The unsettling moments aren't limited to the shrill pitches either. Part III begins with a repetitive passage, where the basses bow a dissonant tone cluster and an answer comes from a quick guitar plink. This continues for four tense minutes before a trombone enters the fray for a solo that adds some haunting beauty to the scene. On the surface, this section can get under one's skin, but since Sorey takes his time, it encourages close scrutiny to figure out why he did it this way. Only then do you notice how the basses slowly move out of sync with one another, with one beginning to pluck instead of bow. When the trombonist (it could be either Sorey or Gerstein) is left alone, the slow transition makes it feel more dramatic.

It's kind of surprising that Pillars doesn't include any notes from the composer. Neufeld plays both acoustic and electric guitars, so it can hard to distinguish the latter from him or Morris. Same goes for the 'bone players, not to mention the bassists, who are panned across the speakers. Besides, a piece like this with so many sections begs from some guidance.

Sorey has said the work was inspired by Zen meditation, which explains the deliberate movement of the work. Low notes drone slowly, not creating a melody but setting a mood. They might happen in close proximity to three- or four-way bass passages or they might lead to the tolls of gongs and bells, which always sound rich and enthralling in Sorey's work. In other people's sessions, Sorey has made complex time signature swing as hard as an Art Blakey 4/4 groove. Here, he often reduces his trap work to simple pounds and crashes. But that's really all the music needs at that point.

While the subdued movement of the set does evoke the act of meditation, it also recalls work by Roscoe Mitchell (Sorey played on Bells for the South Side) and Bill Dixon. The Part III opening also invites comparisons to Morton Feldman. Ultimately, name dropping all of these composers in one paragraph indicates that Sorey is actually creating a new stream of music which might not have its own category as of yet.

Sorey explains that the flowing quality of Pillars means that shouldn't be considered "goal-oriented music...Actually I see the experience as meditative, akin to how it works with ambient music, so that you're almost 'listening without listening' - a Zen way of experiencing music," he says in the album's press release.
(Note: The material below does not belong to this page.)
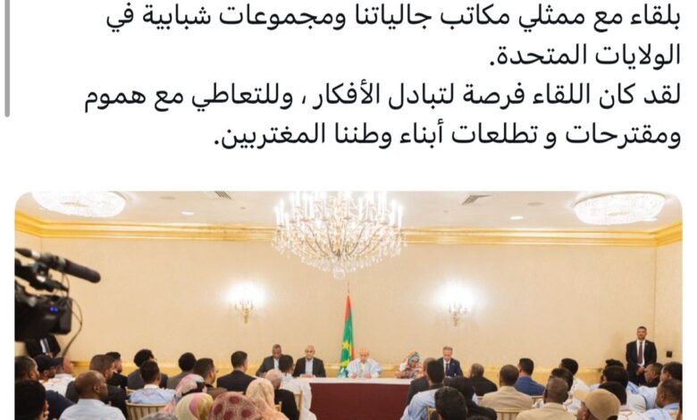 وعبر ولد الغزواني في تدوينة نشرها على صفحته في موقع “إكس” عن سعادته باللقاء بممثلي الجالية، ووصفه بأنه كان فرصة لتبادل الأفكار.

In a really surprising turn, Pillars IV, the vinyl counterpart to the three-CD Pillars presents a different version of the piece which surely impacts the way it can come across to listeners. After listening to the discs several times, there is a temptation to find out how it comes across edited down and delivered on vinyl. After all, Sorey has declared, "To me, the recording is the piece."